» **Exercise goal**
When you reach the line containing "稍微教一下就会定点撒尿拉粑粑了,会坐会握手,很聪明哈哈哈哈~" in the records below, start copying exactly, and stop once you have copied the line containing "7月27日,一名工人在位于南".

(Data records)

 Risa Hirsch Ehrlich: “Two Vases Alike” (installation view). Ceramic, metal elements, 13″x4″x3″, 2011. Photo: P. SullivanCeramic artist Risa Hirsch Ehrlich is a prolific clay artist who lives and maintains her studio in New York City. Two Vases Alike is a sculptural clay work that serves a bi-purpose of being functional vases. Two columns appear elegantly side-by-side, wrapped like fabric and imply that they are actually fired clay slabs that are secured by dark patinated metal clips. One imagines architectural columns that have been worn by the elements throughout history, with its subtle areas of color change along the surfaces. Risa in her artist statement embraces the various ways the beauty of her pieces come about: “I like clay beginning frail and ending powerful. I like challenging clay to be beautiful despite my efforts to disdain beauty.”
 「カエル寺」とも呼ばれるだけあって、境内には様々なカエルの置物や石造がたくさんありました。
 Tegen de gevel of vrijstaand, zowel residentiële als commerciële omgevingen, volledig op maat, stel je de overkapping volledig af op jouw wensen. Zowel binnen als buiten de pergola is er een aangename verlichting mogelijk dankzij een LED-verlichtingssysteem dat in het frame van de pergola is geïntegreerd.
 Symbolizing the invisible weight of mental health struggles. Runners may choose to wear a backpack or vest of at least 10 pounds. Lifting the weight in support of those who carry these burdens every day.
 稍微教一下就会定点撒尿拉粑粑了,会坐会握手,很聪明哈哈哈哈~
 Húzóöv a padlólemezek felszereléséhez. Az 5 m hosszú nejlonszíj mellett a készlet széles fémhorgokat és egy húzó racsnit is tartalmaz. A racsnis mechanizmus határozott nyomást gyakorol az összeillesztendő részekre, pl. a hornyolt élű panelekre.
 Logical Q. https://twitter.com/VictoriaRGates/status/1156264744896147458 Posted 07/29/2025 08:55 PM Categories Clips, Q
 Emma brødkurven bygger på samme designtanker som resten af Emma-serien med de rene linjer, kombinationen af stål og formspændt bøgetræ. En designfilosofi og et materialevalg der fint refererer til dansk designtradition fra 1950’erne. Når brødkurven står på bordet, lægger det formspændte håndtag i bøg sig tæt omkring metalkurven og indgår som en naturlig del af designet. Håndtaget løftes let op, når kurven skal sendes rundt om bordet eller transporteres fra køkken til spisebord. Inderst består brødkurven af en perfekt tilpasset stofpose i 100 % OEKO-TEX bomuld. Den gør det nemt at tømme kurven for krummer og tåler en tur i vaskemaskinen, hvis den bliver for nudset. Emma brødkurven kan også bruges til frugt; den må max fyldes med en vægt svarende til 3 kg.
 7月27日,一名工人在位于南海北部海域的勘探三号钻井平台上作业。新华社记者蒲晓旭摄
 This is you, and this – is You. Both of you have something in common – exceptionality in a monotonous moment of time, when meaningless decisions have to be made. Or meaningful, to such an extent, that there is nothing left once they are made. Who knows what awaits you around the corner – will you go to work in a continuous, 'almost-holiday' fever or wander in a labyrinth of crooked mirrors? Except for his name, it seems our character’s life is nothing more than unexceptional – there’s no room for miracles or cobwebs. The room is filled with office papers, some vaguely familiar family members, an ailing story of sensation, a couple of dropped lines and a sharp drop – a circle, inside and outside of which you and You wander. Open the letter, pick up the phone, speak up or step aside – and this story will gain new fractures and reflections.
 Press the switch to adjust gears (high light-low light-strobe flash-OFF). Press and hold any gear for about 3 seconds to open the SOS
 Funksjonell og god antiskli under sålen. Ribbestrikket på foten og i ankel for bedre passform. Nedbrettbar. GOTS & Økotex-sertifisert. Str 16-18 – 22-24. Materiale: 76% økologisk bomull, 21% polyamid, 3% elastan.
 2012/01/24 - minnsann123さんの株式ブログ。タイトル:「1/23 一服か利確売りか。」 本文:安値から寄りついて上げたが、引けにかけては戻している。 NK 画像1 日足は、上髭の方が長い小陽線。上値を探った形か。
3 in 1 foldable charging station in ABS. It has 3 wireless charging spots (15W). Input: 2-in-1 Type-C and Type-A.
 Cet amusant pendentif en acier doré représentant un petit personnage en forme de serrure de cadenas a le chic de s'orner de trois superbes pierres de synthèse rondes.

» **Output for this exercise**
 稍微教一下就会定点撒尿拉粑粑了,会坐会握手,很聪明哈哈哈哈~
 Húzóöv a padlólemezek felszereléséhez. Az 5 m hosszú nejlonszíj mellett a készlet széles fémhorgokat és egy húzó racsnit is tartalmaz. A racsnis mechanizmus határozott nyomást gyakorol az összeillesztendő részekre, pl. a hornyolt élű panelekre.
 Logical Q. https://twitter.com/VictoriaRGates/status/1156264744896147458 Posted 07/29/2025 08:55 PM Categories Clips, Q
 Emma brødkurven bygger på samme designtanker som resten af Emma-serien med de rene linjer, kombinationen af stål og formspændt bøgetræ. En designfilosofi og et materialevalg der fint refererer til dansk designtradition fra 1950’erne. Når brødkurven står på bordet, lægger det formspændte håndtag i bøg sig tæt omkring metalkurven og indgår som en naturlig del af designet. Håndtaget løftes let op, når kurven skal sendes rundt om bordet eller transporteres fra køkken til spisebord. Inderst består brødkurven af en perfekt tilpasset stofpose i 100 % OEKO-TEX bomuld. Den gør det nemt at tømme kurven for krummer og tåler en tur i vaskemaskinen, hvis den bliver for nudset. Emma brødkurven kan også bruges til frugt; den må max fyldes med en vægt svarende til 3 kg.
 7月27日,一名工人在位于南海北部海域的勘探三号钻井平台上作业。新华社记者蒲晓旭摄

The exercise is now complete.